▸ **Your task**
For this exercise, copy exactly the lines below from the one with "char* words[100]; //" through the one with "В комплекте, кроме" and leave out the pictures.

▸ **Data for processing**
§

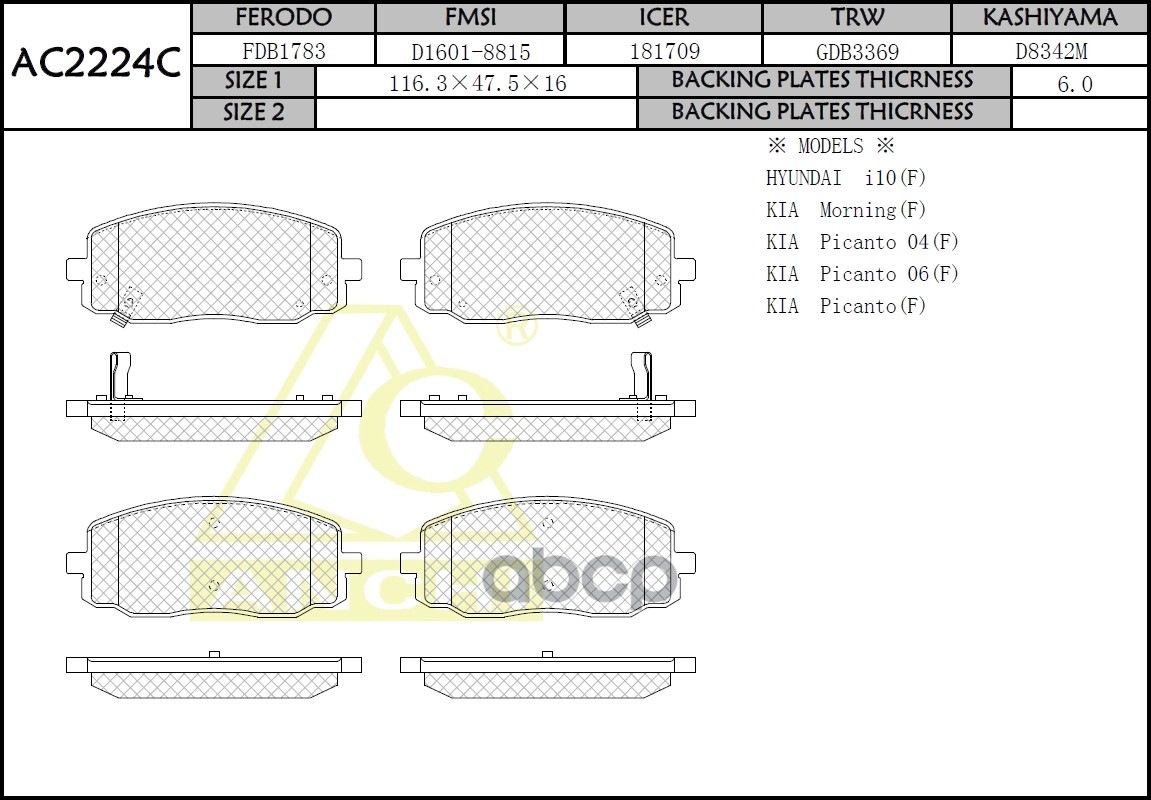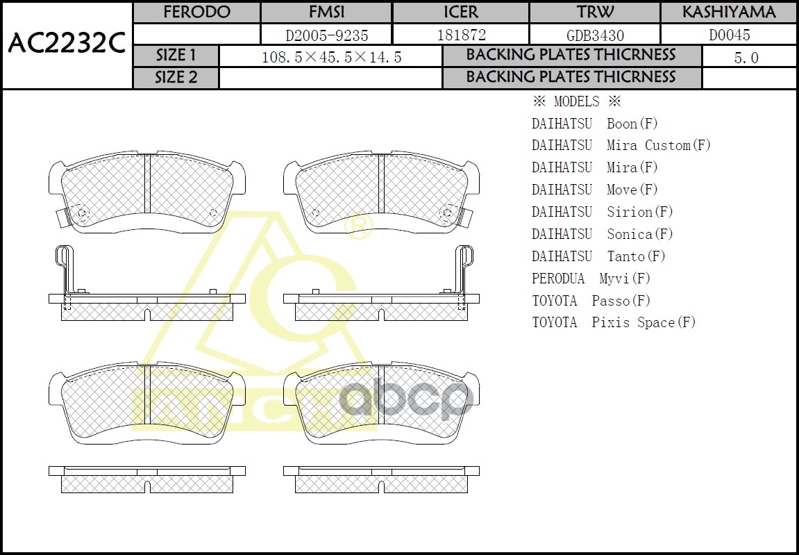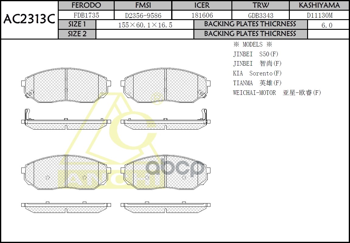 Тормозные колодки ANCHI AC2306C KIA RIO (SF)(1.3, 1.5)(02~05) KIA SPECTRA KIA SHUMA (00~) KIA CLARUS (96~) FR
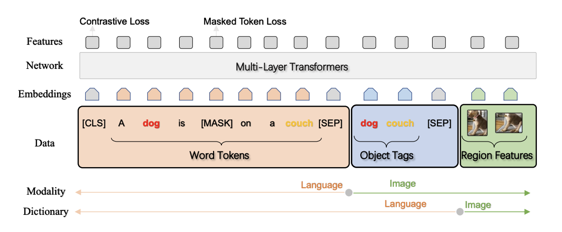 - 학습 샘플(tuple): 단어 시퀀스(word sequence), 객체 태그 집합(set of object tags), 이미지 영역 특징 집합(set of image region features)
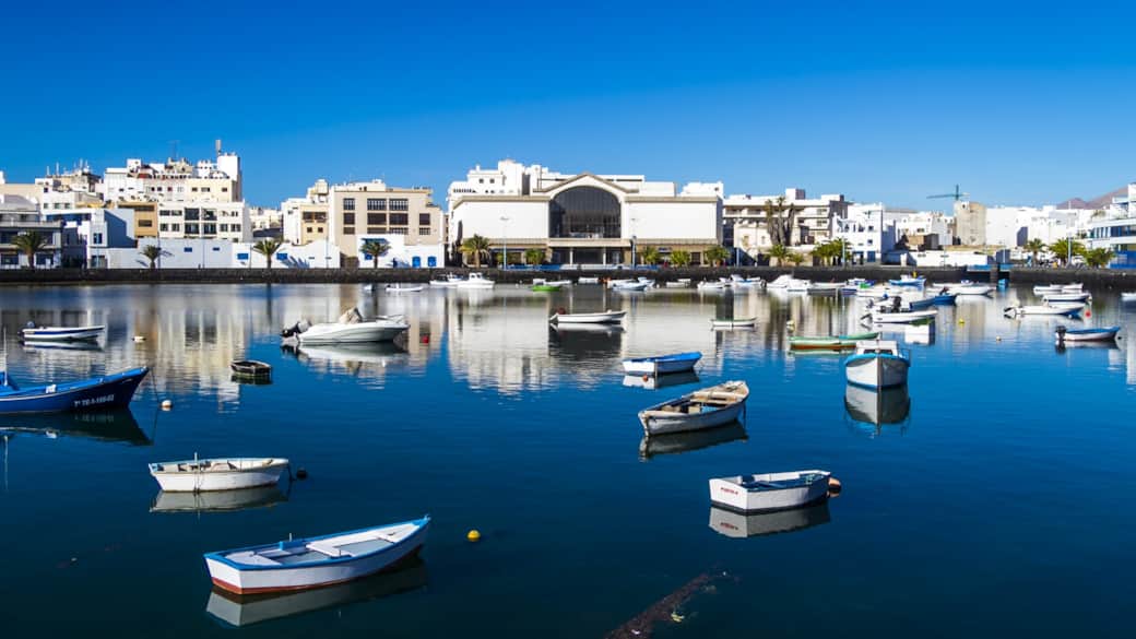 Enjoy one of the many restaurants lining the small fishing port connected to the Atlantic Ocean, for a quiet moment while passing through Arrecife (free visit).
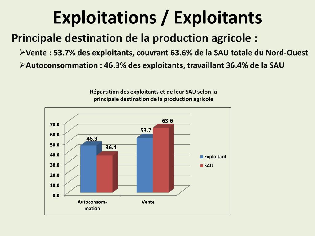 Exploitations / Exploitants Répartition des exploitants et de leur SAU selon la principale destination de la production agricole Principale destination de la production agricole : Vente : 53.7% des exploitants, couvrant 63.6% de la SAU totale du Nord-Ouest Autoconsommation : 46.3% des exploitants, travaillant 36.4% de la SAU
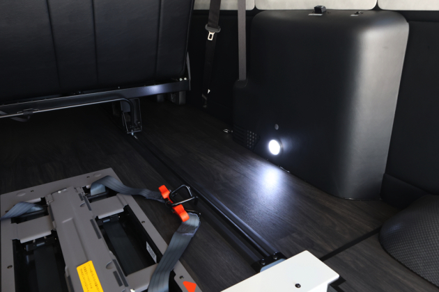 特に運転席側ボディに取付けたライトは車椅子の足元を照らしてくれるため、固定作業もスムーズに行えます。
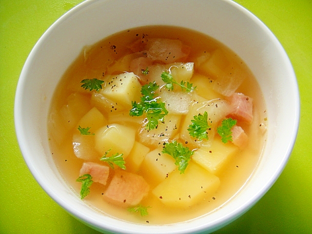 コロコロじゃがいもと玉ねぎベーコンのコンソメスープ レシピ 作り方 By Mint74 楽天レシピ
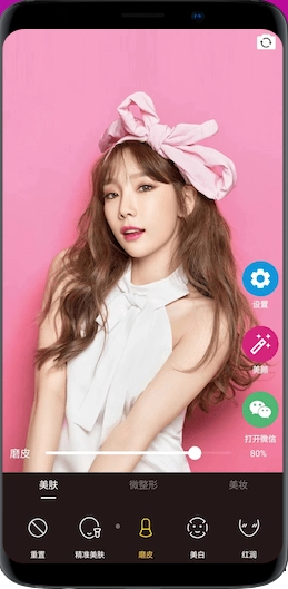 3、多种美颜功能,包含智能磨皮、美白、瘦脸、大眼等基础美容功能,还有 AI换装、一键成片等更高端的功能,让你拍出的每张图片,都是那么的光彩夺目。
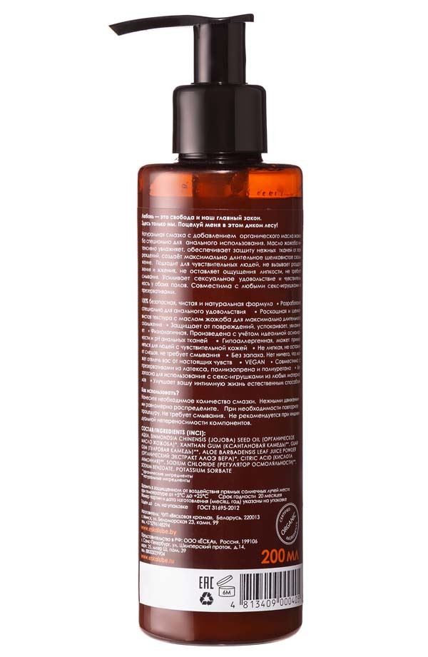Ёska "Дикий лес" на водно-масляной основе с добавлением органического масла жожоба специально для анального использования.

§

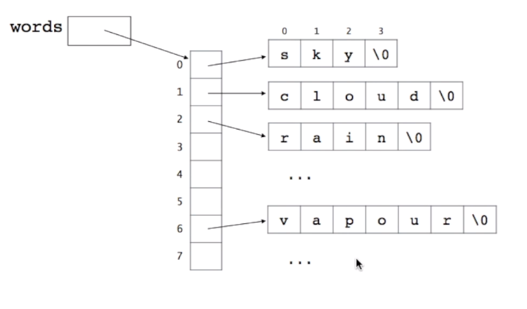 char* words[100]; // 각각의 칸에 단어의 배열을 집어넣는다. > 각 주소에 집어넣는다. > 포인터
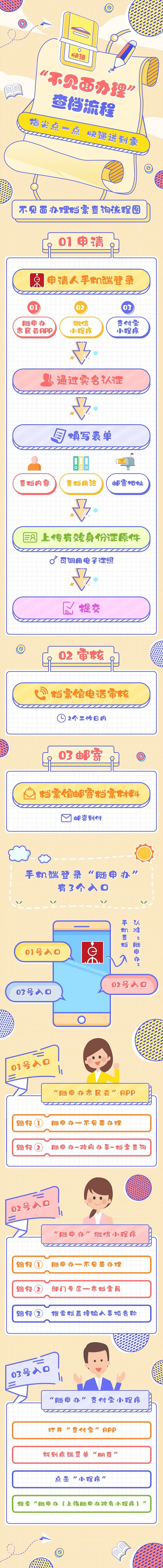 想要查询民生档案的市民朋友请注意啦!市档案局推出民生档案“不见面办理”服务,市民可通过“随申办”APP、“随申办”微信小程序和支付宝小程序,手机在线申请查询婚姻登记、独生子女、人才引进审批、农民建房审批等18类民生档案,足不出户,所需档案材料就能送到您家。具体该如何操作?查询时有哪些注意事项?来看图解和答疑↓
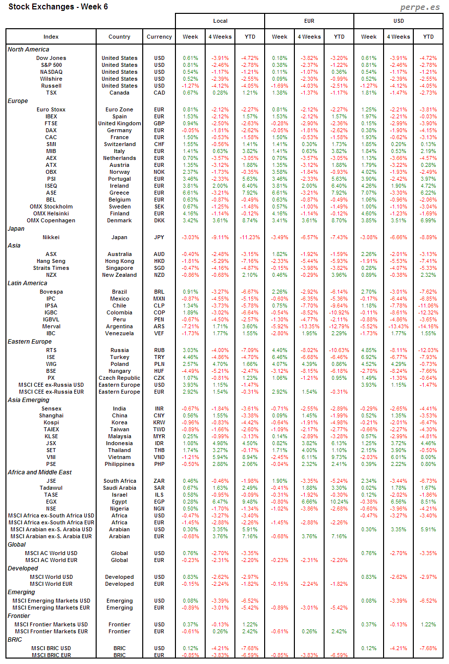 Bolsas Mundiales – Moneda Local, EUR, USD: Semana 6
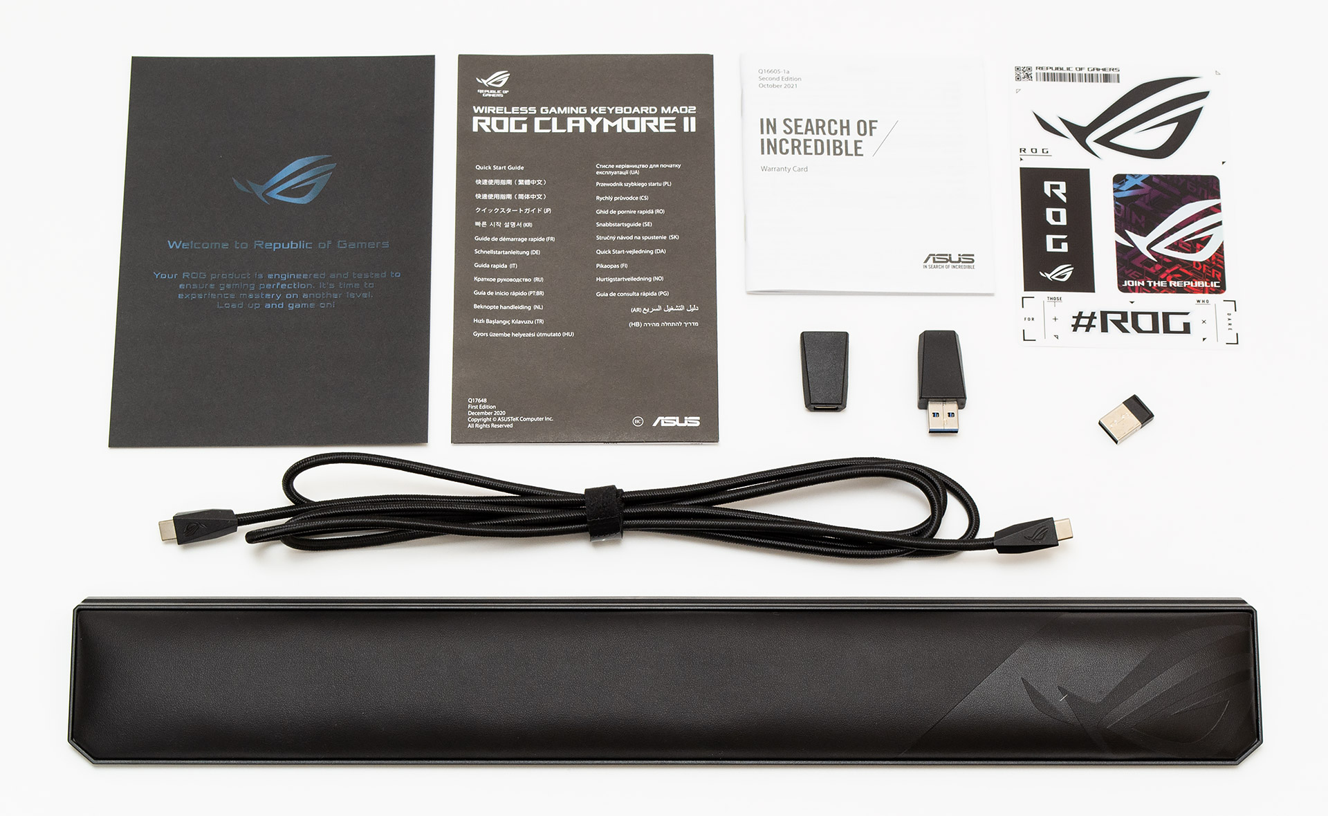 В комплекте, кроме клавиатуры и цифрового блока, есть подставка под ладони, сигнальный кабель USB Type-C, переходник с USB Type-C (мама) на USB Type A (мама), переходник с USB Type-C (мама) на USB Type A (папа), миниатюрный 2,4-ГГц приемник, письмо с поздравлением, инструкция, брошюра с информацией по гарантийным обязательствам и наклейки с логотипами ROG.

§

▸ **Reply to the exercise**
 char* words[100]; // 각각의 칸에 단어의 배열을 집어넣는다. > 각 주소에 집어넣는다. > 포인터
 想要查询民生档案的市民朋友请注意啦!市档案局推出民生档案“不见面办理”服务,市民可通过“随申办”APP、“随申办”微信小程序和支付宝小程序,手机在线申请查询婚姻登记、独生子女、人才引进审批、农民建房审批等18类民生档案,足不出户,所需档案材料就能送到您家。具体该如何操作?查询时有哪些注意事项?来看图解和答疑↓
 Bolsas Mundiales – Moneda Local, EUR, USD: Semana 6
 В комплекте, кроме клавиатуры и цифрового блока, есть подставка под ладони, сигнальный кабель USB Type-C, переходник с USB Type-C (мама) на USB Type A (мама), переходник с USB Type-C (мама) на USB Type A (папа), миниатюрный 2,4-ГГц приемник, письмо с поздравлением, инструкция, брошюра с информацией по гарантийным обязательствам и наклейки с логотипами ROG.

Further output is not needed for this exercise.